Leave the pictures out and reproduce, exactly, the lines from the one with "Στο χώρο του" through the end of the entries below.

DATA RECORDS START

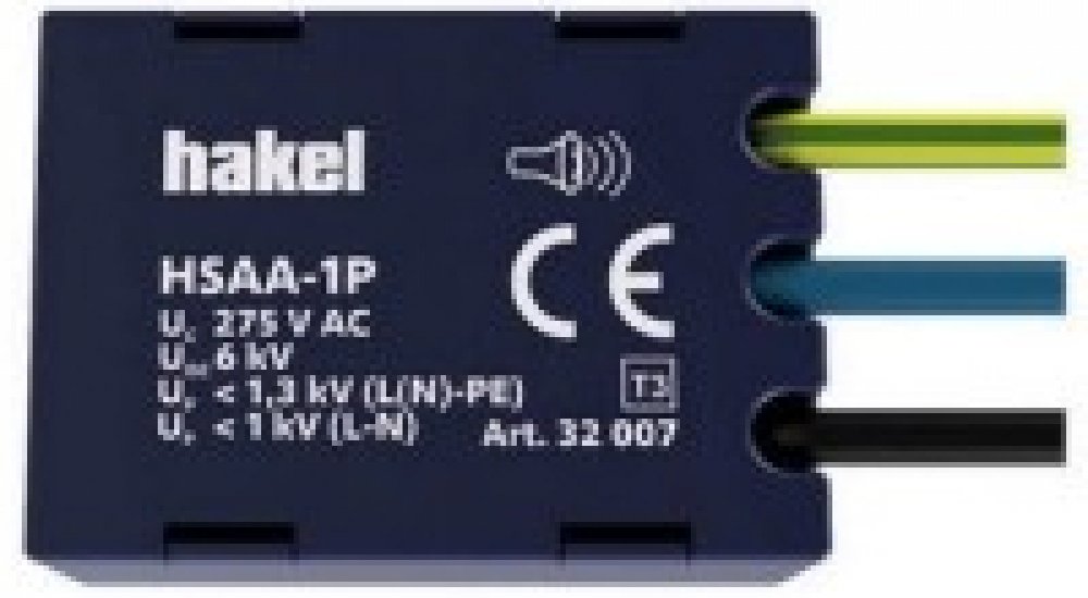 Svodiče přepětí typu T3 určené pro montáž do instalačních a podlahových krabic a lištových rozvodů. Doplňková ochrana zásuvkových rozvodů, které jsou ošetřeny přepěťovou ochranou s vysokofrekvenčním filtrem (HSAF, HSAF3). Lze použít i k ochraně svítidel LED. Instalují se na rozhraní zón LPZ 2 – LPZ 3, co nejblíže k chráněnému zařízení (max. 5 m). Před HSAA-1P musí být instalován svodič bleskových proudů a přepětí T1 a T2 od společnosti HAKEL. Instaluje se dle norem: ČSN EN 62305 ed. 2, ČSN 33 2000-5-53 ed. 3, ČSN CLC/TS 61643-12.
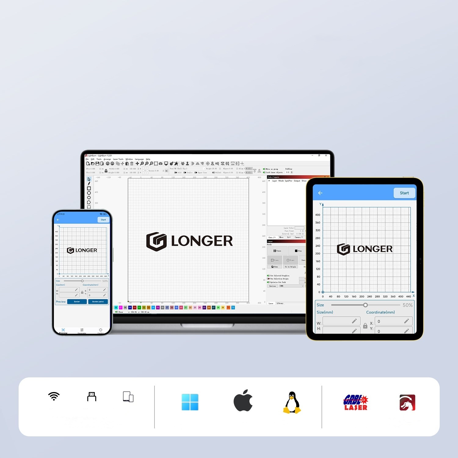 Серія Longer Nano легко інтегрується у ваш процес проектування завдяки широкій сумісності та підтримці двох стандартних програмних рішень, Lightburn і LaserGrbl.
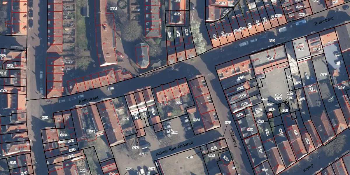 Het perceel waarop Pothstraat 21 staat heeft een oppervlakte van 404 m². Dit is een groot perceel. De perceeloppervlakte wordt geregistreerd door het Kadaster. Gedetailleerde informatie over de maten van dit perceel kunt u vinden in het rapport Kadastrale kaart met maatvoering van Pothstraat 21.
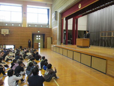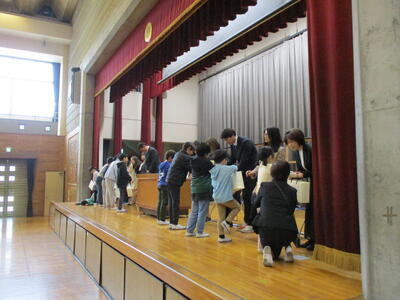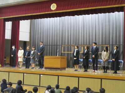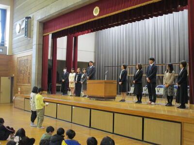 修了式に続いて、今年度末で二俣小を離れることになる10名の先生方とのお別れの式が行われました。長い先生は5年、短い先生は1年の勤務となりましたが、子どもたちにたくさん関わっていただきました。新天地でのご活躍をお祈りしています。ありがとうございました。異動先につきましては、メールにて送信いたしましたのでご確認ください。
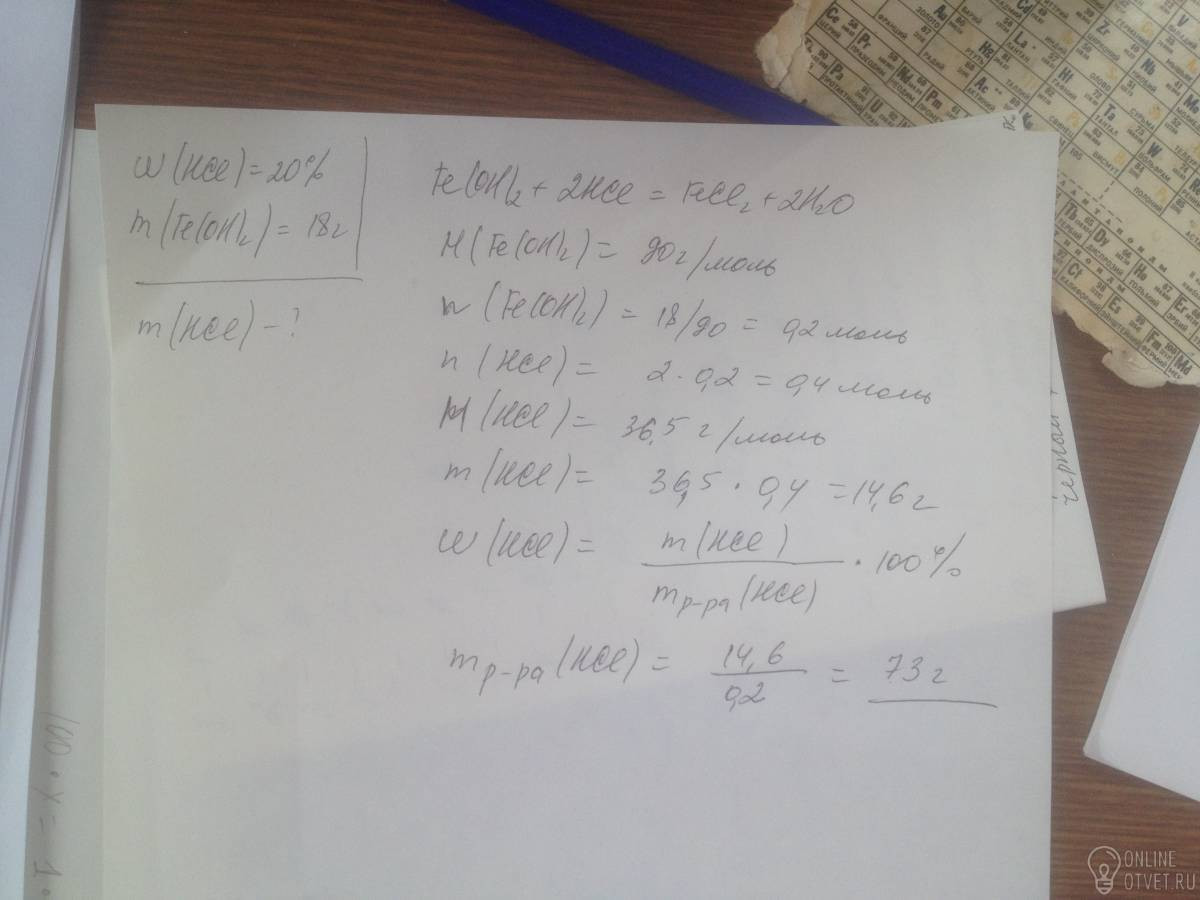 Вычислите массу 20%-ного раствора соляной кислоты,который потребуется для полного растворения 18г гидроксид железа(2)
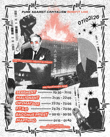 Στο χώρο του live θα διατίθεται merch και πολιτικό υλικό του Punk Against Capitalism.
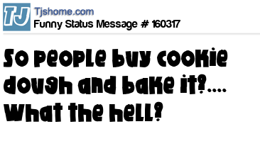 - # 168362 The FDA has announced that eating raw cookie dough is really bad for your health. So is telling my girlfriend not to eat raw cookie dough.

DATA RECORDS END

- [ANSWER SECTION]
 Στο χώρο του live θα διατίθεται merch και πολιτικό υλικό του Punk Against Capitalism.
 - # 168362 The FDA has announced that eating raw cookie dough is really bad for your health. So is telling my girlfriend not to eat raw cookie dough.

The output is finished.